Your objective
This task calls for the lines below starting at the one containing "Hiến máu cứu" and ending at the one containing "从具体企业来看,百货行业大部", repeated exactly with both ends kept and pictures left out.

:: Given data

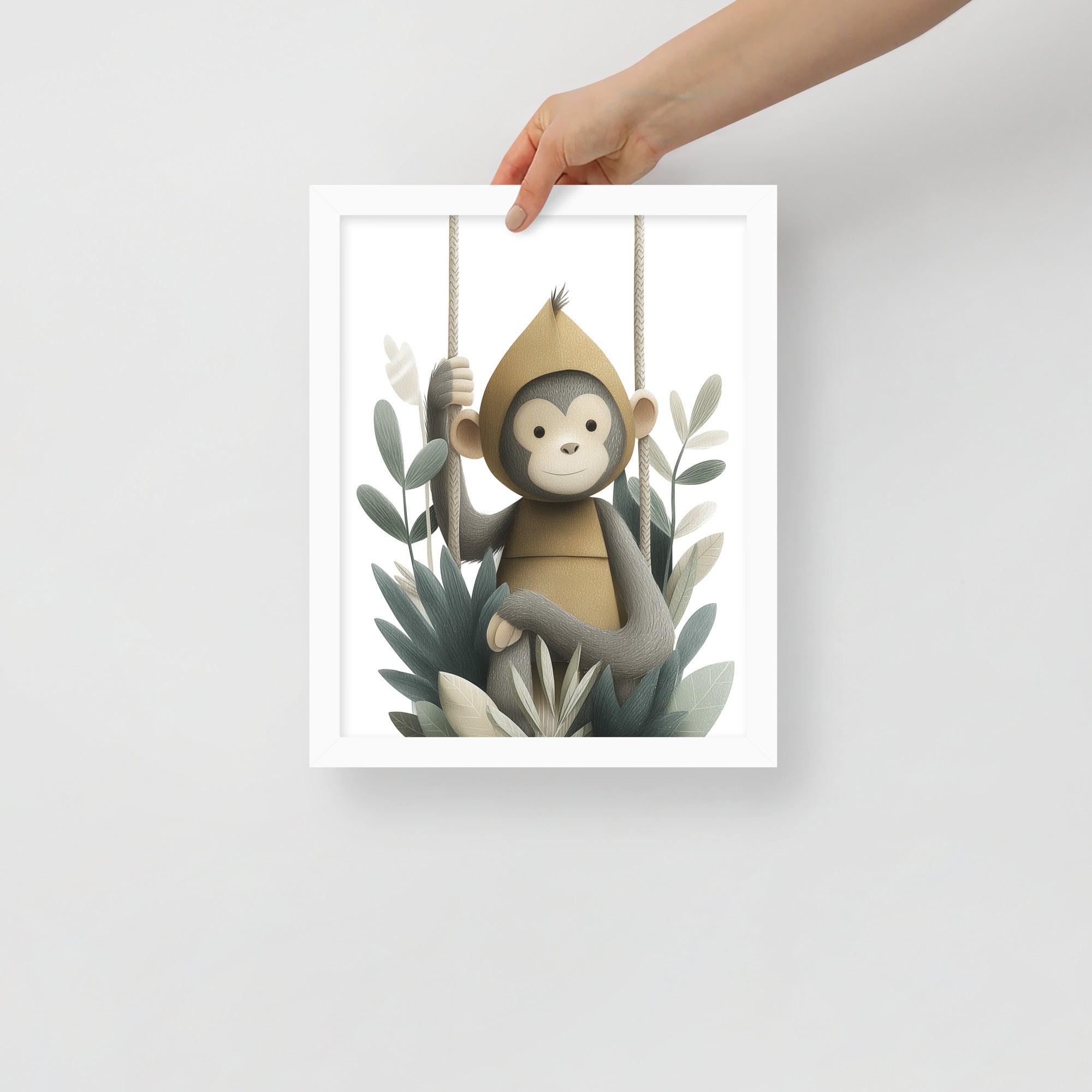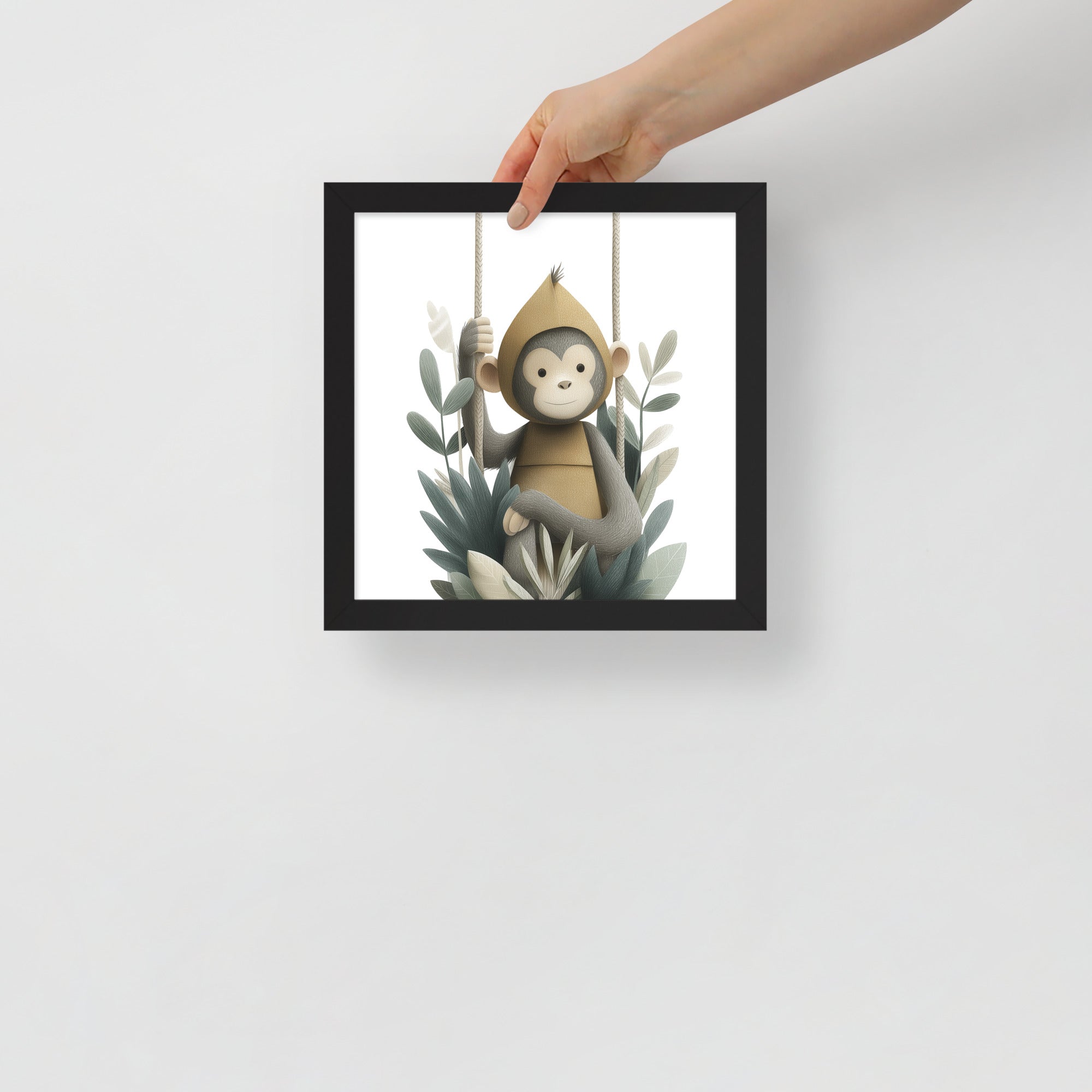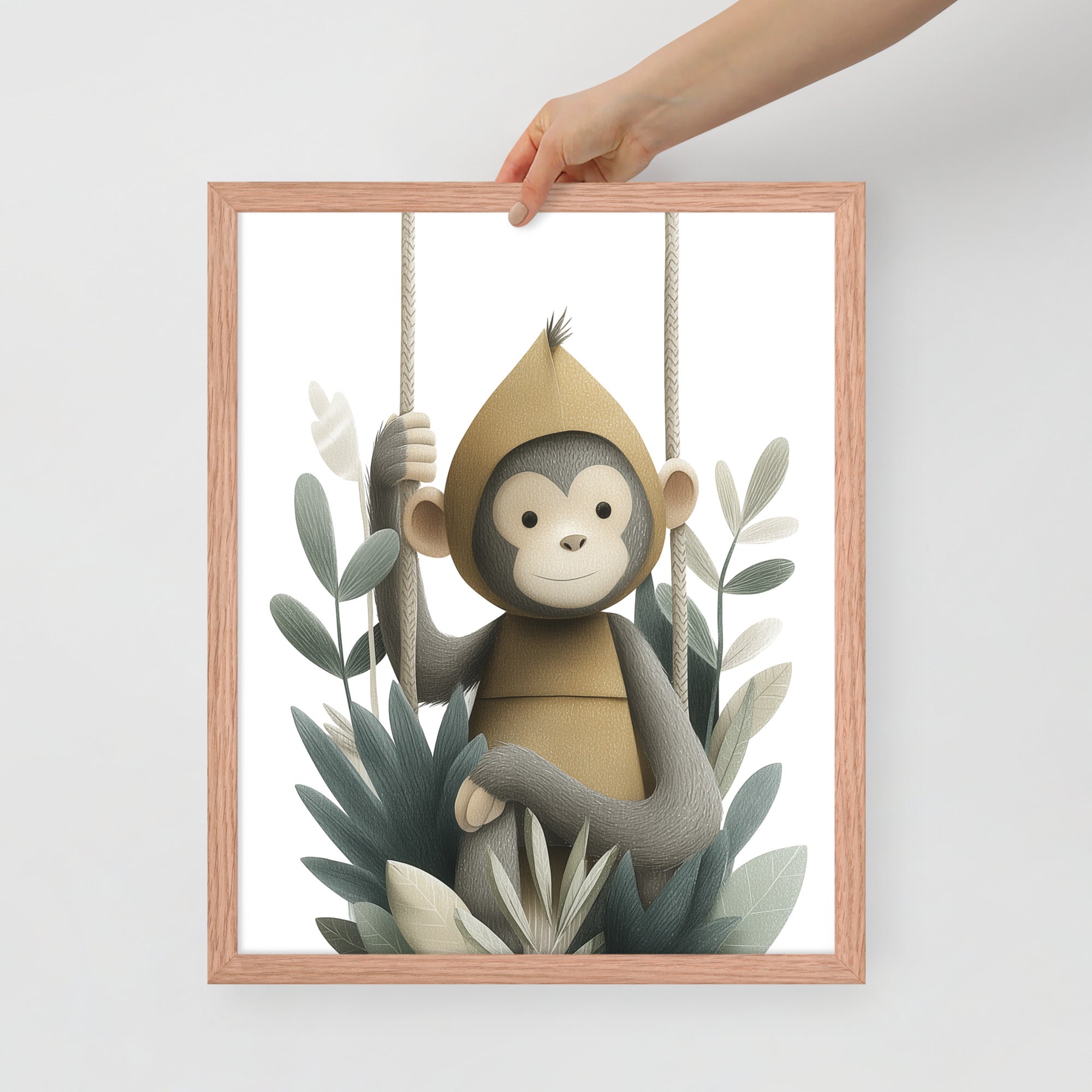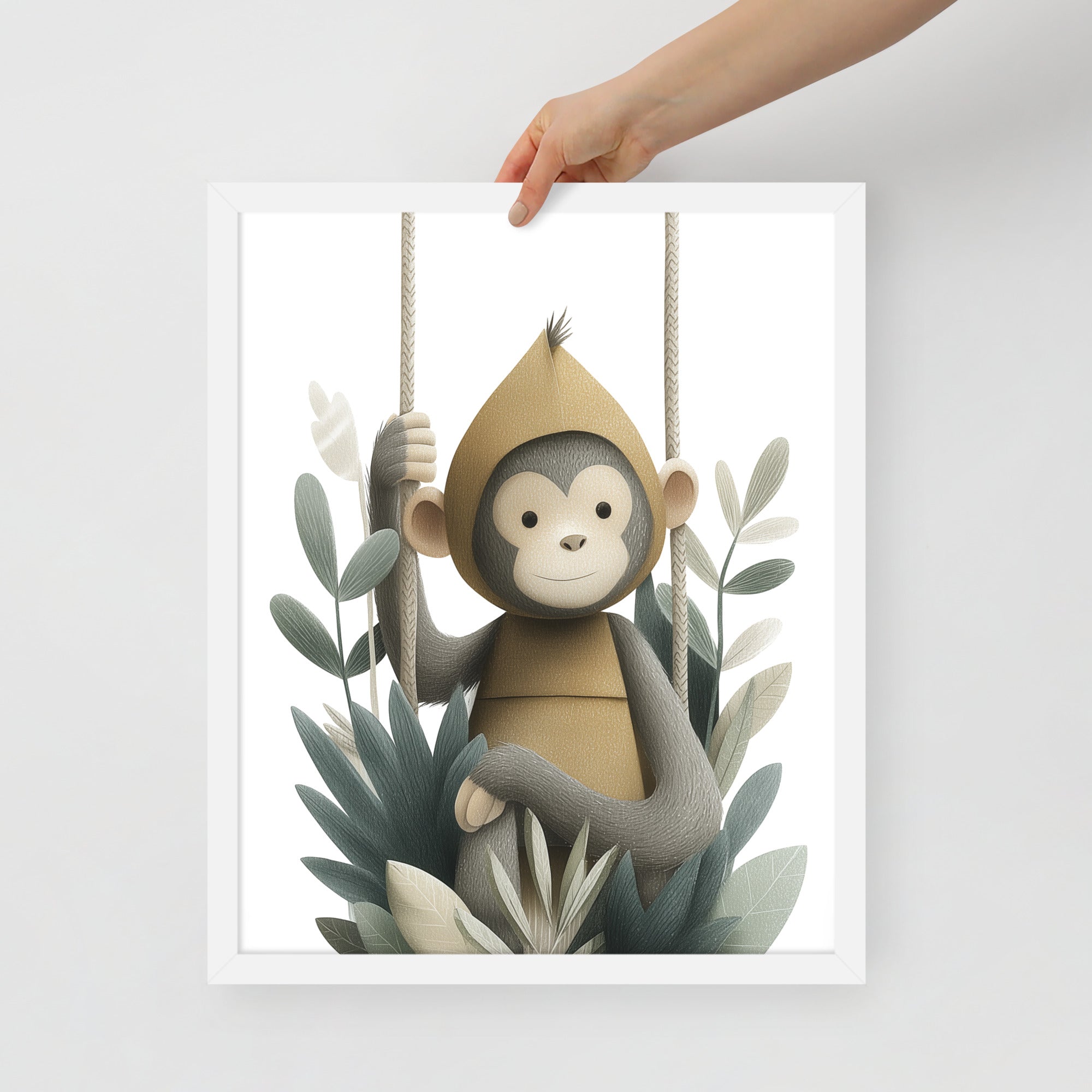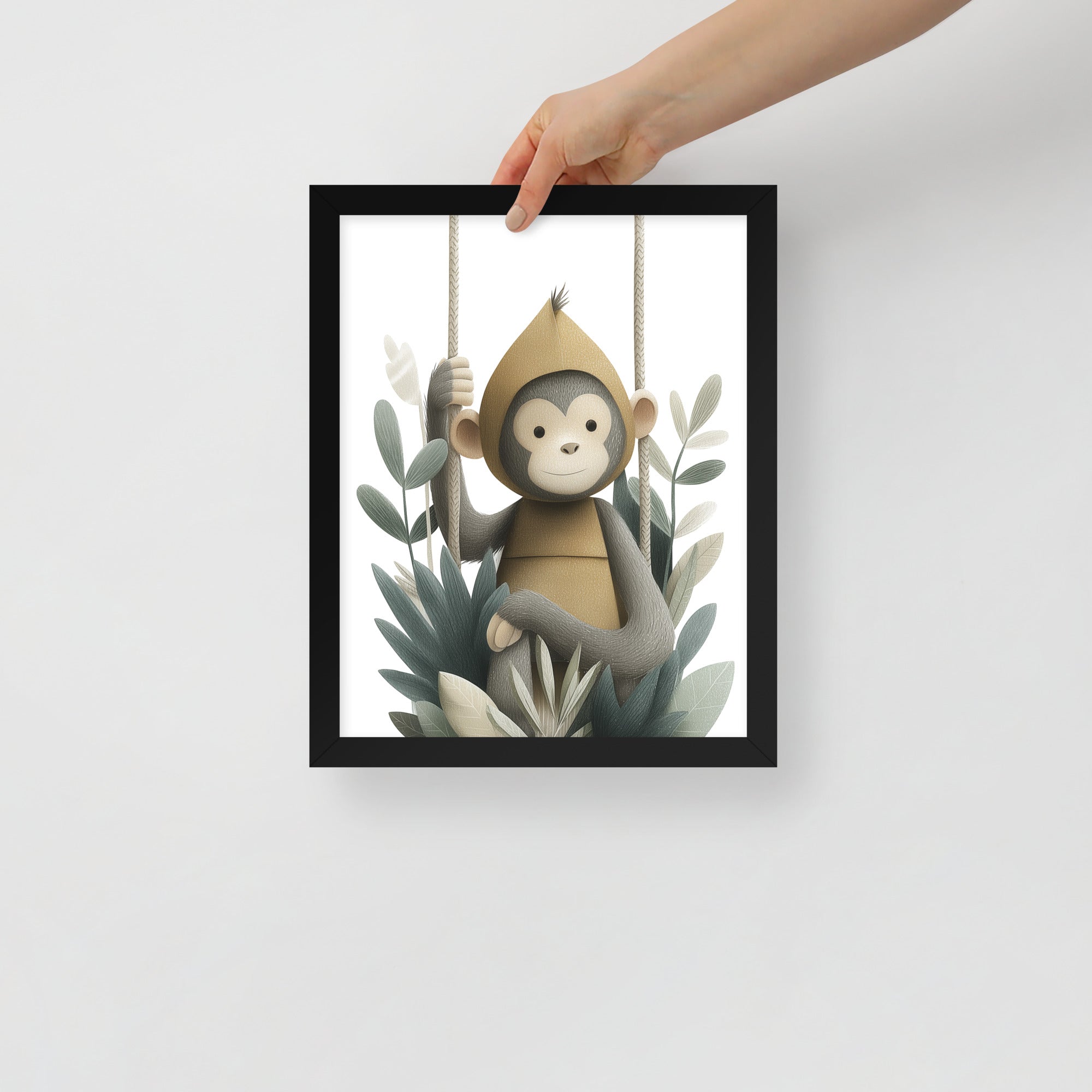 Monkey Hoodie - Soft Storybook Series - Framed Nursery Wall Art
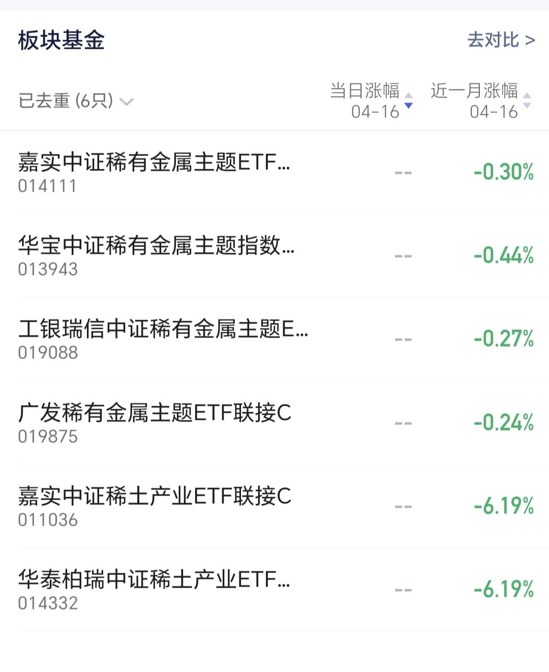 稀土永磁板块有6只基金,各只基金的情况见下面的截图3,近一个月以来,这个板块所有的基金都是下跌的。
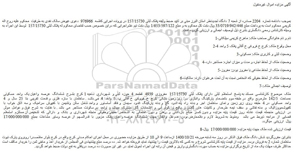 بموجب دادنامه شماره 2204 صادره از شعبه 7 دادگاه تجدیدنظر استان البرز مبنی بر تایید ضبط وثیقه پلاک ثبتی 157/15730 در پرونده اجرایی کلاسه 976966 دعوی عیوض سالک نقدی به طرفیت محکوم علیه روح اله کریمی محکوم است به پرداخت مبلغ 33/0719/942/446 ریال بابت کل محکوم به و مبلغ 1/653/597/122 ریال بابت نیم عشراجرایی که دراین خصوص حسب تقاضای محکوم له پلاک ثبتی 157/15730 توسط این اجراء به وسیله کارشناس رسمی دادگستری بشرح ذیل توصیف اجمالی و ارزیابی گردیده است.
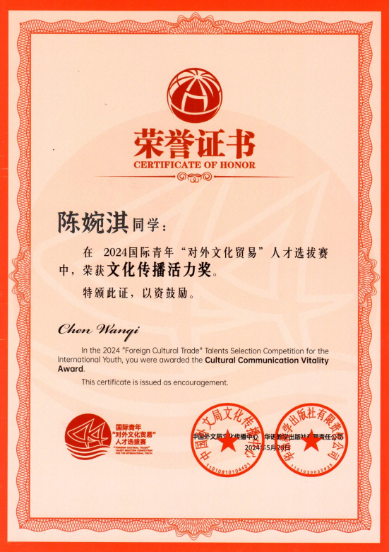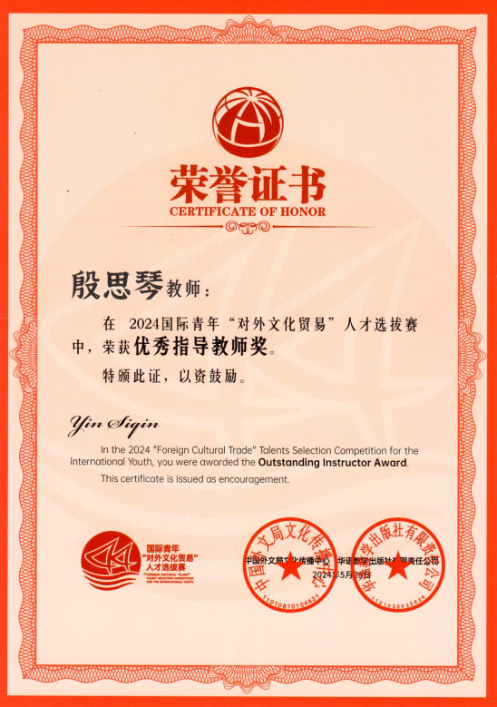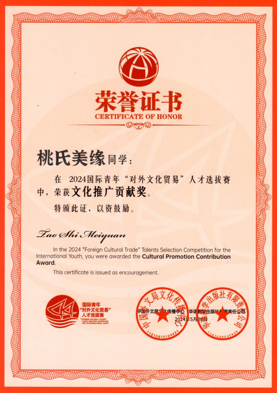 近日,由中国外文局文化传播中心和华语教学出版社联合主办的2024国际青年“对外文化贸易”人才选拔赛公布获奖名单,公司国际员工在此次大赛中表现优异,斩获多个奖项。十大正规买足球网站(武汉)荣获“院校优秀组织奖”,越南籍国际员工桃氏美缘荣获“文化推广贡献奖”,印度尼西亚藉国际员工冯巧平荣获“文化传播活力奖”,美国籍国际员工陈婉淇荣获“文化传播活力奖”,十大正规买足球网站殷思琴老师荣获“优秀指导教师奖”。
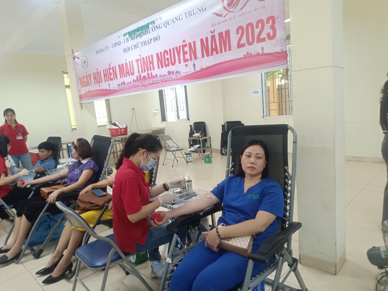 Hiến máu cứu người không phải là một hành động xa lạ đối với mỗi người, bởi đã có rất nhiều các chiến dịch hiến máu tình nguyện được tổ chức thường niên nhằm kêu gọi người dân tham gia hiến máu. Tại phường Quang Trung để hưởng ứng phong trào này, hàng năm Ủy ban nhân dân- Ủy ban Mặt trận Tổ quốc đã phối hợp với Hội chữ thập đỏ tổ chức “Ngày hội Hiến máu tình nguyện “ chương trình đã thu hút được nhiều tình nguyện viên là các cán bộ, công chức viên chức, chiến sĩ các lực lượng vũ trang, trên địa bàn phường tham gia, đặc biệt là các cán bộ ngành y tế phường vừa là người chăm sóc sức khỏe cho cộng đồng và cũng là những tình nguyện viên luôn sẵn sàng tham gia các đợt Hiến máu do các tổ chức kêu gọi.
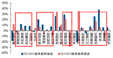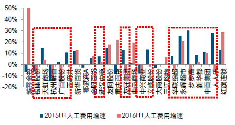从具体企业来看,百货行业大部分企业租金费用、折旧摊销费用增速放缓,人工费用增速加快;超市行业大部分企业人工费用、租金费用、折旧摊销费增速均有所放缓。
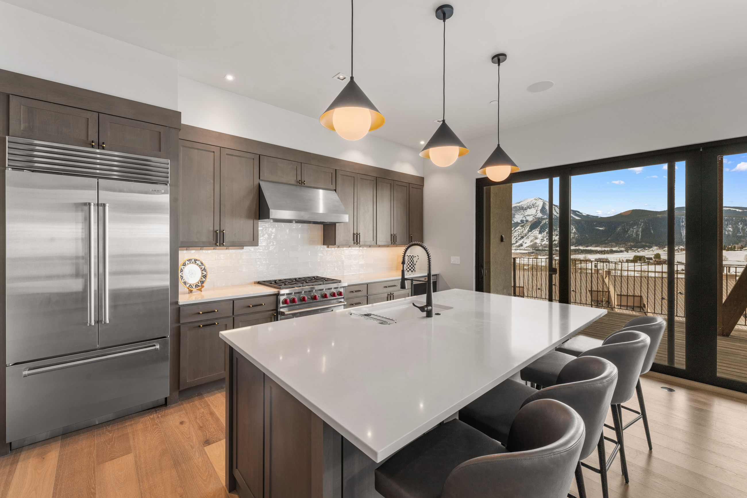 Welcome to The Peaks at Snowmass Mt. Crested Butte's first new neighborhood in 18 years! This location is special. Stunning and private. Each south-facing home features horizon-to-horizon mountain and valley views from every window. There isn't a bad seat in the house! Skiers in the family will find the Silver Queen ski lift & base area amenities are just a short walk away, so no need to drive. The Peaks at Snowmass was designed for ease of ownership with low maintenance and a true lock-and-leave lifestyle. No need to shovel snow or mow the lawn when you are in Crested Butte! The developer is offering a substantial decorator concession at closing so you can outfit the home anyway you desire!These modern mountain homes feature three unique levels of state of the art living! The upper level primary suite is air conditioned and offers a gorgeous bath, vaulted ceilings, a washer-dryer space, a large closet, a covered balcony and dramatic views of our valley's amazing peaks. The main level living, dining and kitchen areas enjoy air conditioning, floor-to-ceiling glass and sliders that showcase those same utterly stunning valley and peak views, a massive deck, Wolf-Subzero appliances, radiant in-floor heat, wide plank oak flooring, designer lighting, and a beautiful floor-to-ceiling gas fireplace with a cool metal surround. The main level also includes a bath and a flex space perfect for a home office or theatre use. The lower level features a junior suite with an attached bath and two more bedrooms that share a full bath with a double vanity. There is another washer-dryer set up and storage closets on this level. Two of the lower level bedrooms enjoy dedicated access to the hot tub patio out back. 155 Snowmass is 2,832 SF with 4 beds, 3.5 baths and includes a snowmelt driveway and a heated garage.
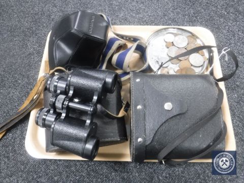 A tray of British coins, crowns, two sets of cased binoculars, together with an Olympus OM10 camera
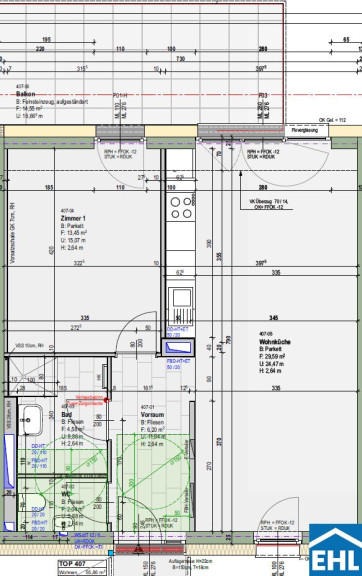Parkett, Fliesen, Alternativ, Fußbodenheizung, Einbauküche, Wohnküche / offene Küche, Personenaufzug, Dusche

::::

Answer for this exercise
 Hiến máu cứu người không phải là một hành động xa lạ đối với mỗi người, bởi đã có rất nhiều các chiến dịch hiến máu tình nguyện được tổ chức thường niên nhằm kêu gọi người dân tham gia hiến máu. Tại phường Quang Trung để hưởng ứng phong trào này, hàng năm Ủy ban nhân dân- Ủy ban Mặt trận Tổ quốc đã phối hợp với Hội chữ thập đỏ tổ chức “Ngày hội Hiến máu tình nguyện “ chương trình đã thu hút được nhiều tình nguyện viên là các cán bộ, công chức viên chức, chiến sĩ các lực lượng vũ trang, trên địa bàn phường tham gia, đặc biệt là các cán bộ ngành y tế phường vừa là người chăm sóc sức khỏe cho cộng đồng và cũng là những tình nguyện viên luôn sẵn sàng tham gia các đợt Hiến máu do các tổ chức kêu gọi.
从具体企业来看,百货行业大部分企业租金费用、折旧摊销费用增速放缓,人工费用增速加快;超市行业大部分企业人工费用、租金费用、折旧摊销费增速均有所放缓。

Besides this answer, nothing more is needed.